Your task - Would you please return the data below verbatim, without its pictures?

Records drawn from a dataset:
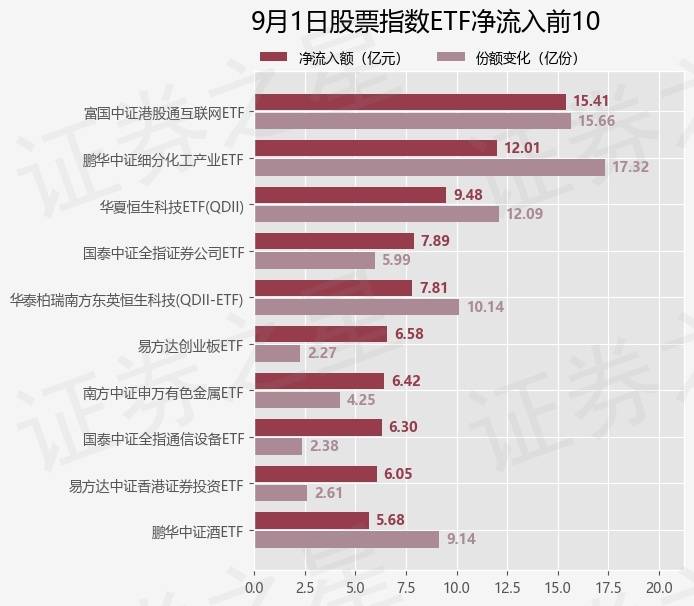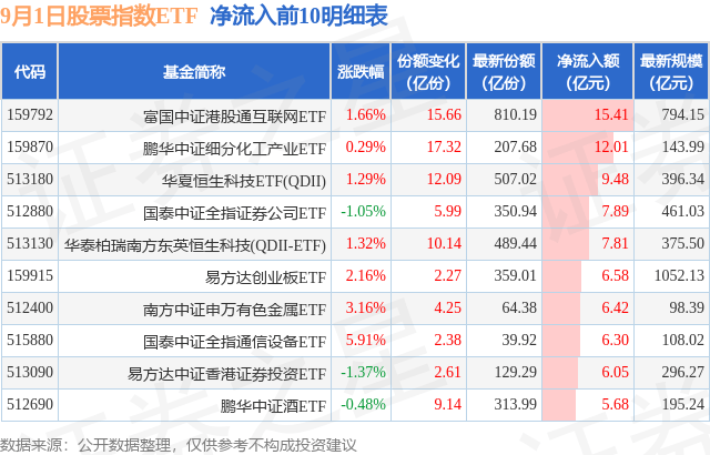 当日有372只股票指数ETF基金出现资金净流入,其中净流入排首位的是富国中证港股通互联网ETF(159792),份额增加了15.66亿份,净流入额为15.41亿元。
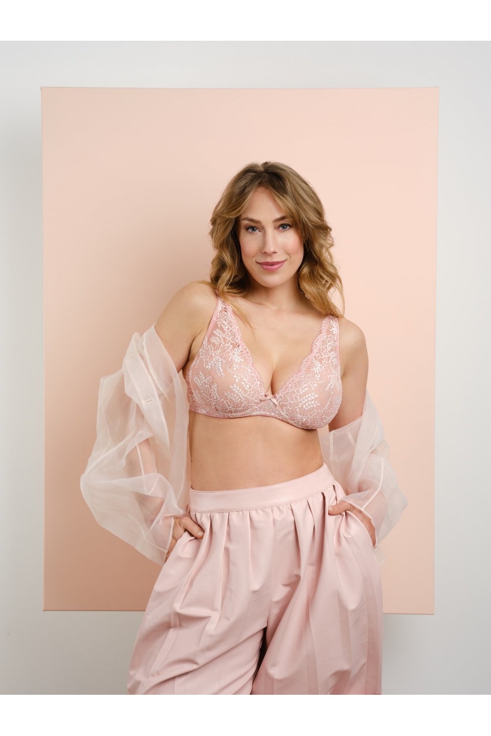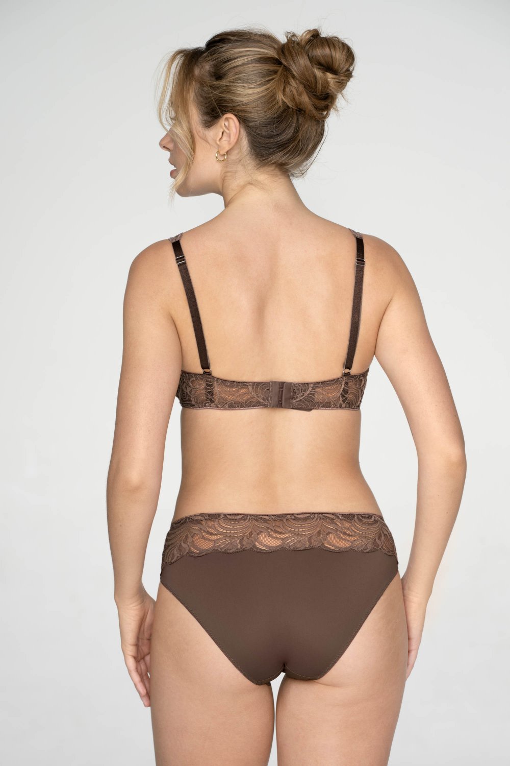 Delikátní starorůžová krajka je mistrovsky protkána druhým tónem v odstínu slonové kosti a vytváří tak elegantní, nadčasové spojení. Precizně zpracovaná hnědá krajka s organickými motivy nese jedinečný vypletený vzor exkluzivně pro tuto kolekci, a podtrhuje tak její výjimečný charakter.
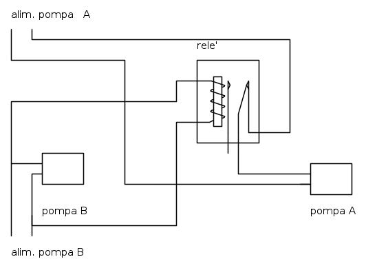 In condizioni normali (posizione del rele' come indicata e pompa B che non riceve tensione) funziona la pompa A. Quando la pompa B riceve tensione, si eccita la bobina rele' che stacca il contatto dell'alimentazione alla A.
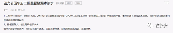 蓝光公园华府二期于2019年12月开始交房,据多位业主反应,当时并未通水通电,全是临水临电。受疫情影响,今年4月开始陆续装修,但多户反映排水主管道存在严重漏水质量问题,甚至有业主反映3号楼几乎70%以上房屋存在不同程度漏水问题。
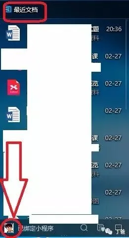 4、打开电脑屏幕,右上角会出现的最近文档框,点击左下角人形图标,会出现绑定“最近文档随身”小程序的二维码。用小程序扫描并绑定电脑。
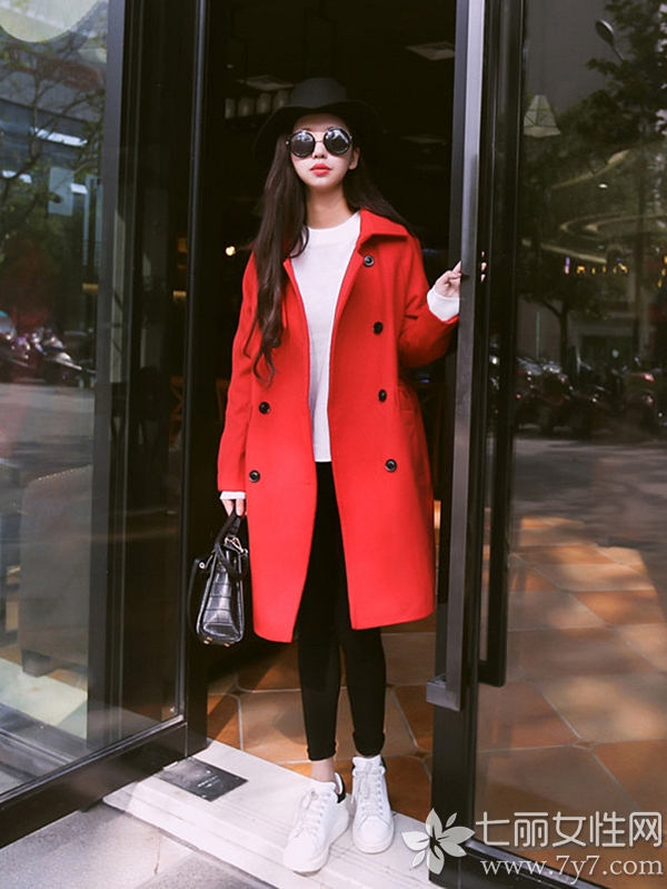 时尚看点:红色毛呢大衣搭配休闲鞋,无论是逛街还是游玩,都会多谢轻松舒适感,而且还有着减龄的好处。在配饰的选择上,宽檐帽一直都是达人凹造型的利器,一定不要错过哦!
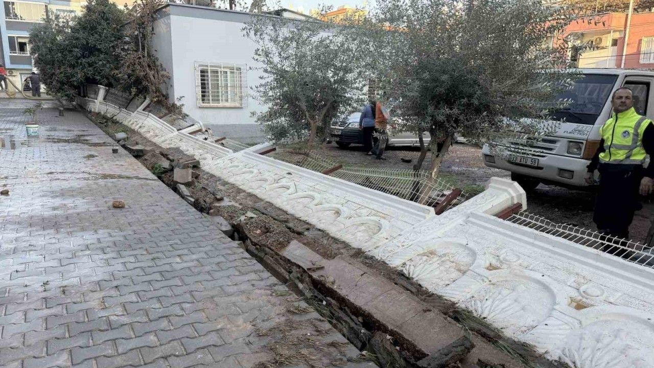 Mersin’in Tarsus ilçesinde dün su borusu patlaması sonucu bazı sitelerin bahçesi suya gömüldü. Sitelerden birinin bahçe duvarının yıkılma anı da cep telefonu kamerasına saniye saniye yansıdı.
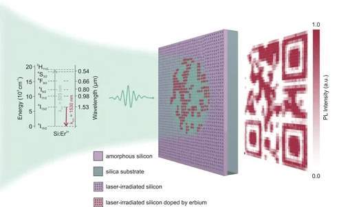 وأنشأ الباحثون صورا فريدة على ملصق غشاء مصغر (نانوفيلم)، مصنوع من السيلكون لتصنيف البضائع، وصمم الباحثون الغشاء المصغر، على شكل مصفوفة ثقوب غير مرئية للعين المجردة، إذ تحتوي بعض هذه الثقوب على أيونات معدن ”إربيوم“، بينما لا تحتوي باقي الثقوب على هذا المعدن، ويتغير لون الثقوب المملوءة بمعدن ”إربيوم“ تحت تأثير إشعاع الليزر؛ ما أتاح للباحثين قراءة صورة تصنيف العلامة التجارية بشكل صحيح.
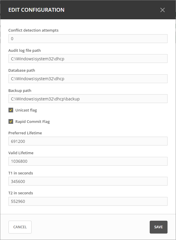Audit log file path: Specifies the location of the DHCP server audit log files.

Answer area -
 当日有372只股票指数ETF基金出现资金净流入,其中净流入排首位的是富国中证港股通互联网ETF(159792),份额增加了15.66亿份,净流入额为15.41亿元。
 Delikátní starorůžová krajka je mistrovsky protkána druhým tónem v odstínu slonové kosti a vytváří tak elegantní, nadčasové spojení. Precizně zpracovaná hnědá krajka s organickými motivy nese jedinečný vypletený vzor exkluzivně pro tuto kolekci, a podtrhuje tak její výjimečný charakter.
 In condizioni normali (posizione del rele' come indicata e pompa B che non riceve tensione) funziona la pompa A. Quando la pompa B riceve tensione, si eccita la bobina rele' che stacca il contatto dell'alimentazione alla A.
 蓝光公园华府二期于2019年12月开始交房,据多位业主反应,当时并未通水通电,全是临水临电。受疫情影响,今年4月开始陆续装修,但多户反映排水主管道存在严重漏水质量问题,甚至有业主反映3号楼几乎70%以上房屋存在不同程度漏水问题。
 4、打开电脑屏幕,右上角会出现的最近文档框,点击左下角人形图标,会出现绑定“最近文档随身”小程序的二维码。用小程序扫描并绑定电脑。
 时尚看点:红色毛呢大衣搭配休闲鞋,无论是逛街还是游玩,都会多谢轻松舒适感,而且还有着减龄的好处。在配饰的选择上,宽檐帽一直都是达人凹造型的利器,一定不要错过哦!
 Mersin’in Tarsus ilçesinde dün su borusu patlaması sonucu bazı sitelerin bahçesi suya gömüldü. Sitelerden birinin bahçe duvarının yıkılma anı da cep telefonu kamerasına saniye saniye yansıdı.
 وأنشأ الباحثون صورا فريدة على ملصق غشاء مصغر (نانوفيلم)، مصنوع من السيلكون لتصنيف البضائع، وصمم الباحثون الغشاء المصغر، على شكل مصفوفة ثقوب غير مرئية للعين المجردة، إذ تحتوي بعض هذه الثقوب على أيونات معدن ”إربيوم“، بينما لا تحتوي باقي الثقوب على هذا المعدن، ويتغير لون الثقوب المملوءة بمعدن ”إربيوم“ تحت تأثير إشعاع الليزر؛ ما أتاح للباحثين قراءة صورة تصنيف العلامة التجارية بشكل صحيح.
Audit log file path: Specifies the location of the DHCP server audit log files.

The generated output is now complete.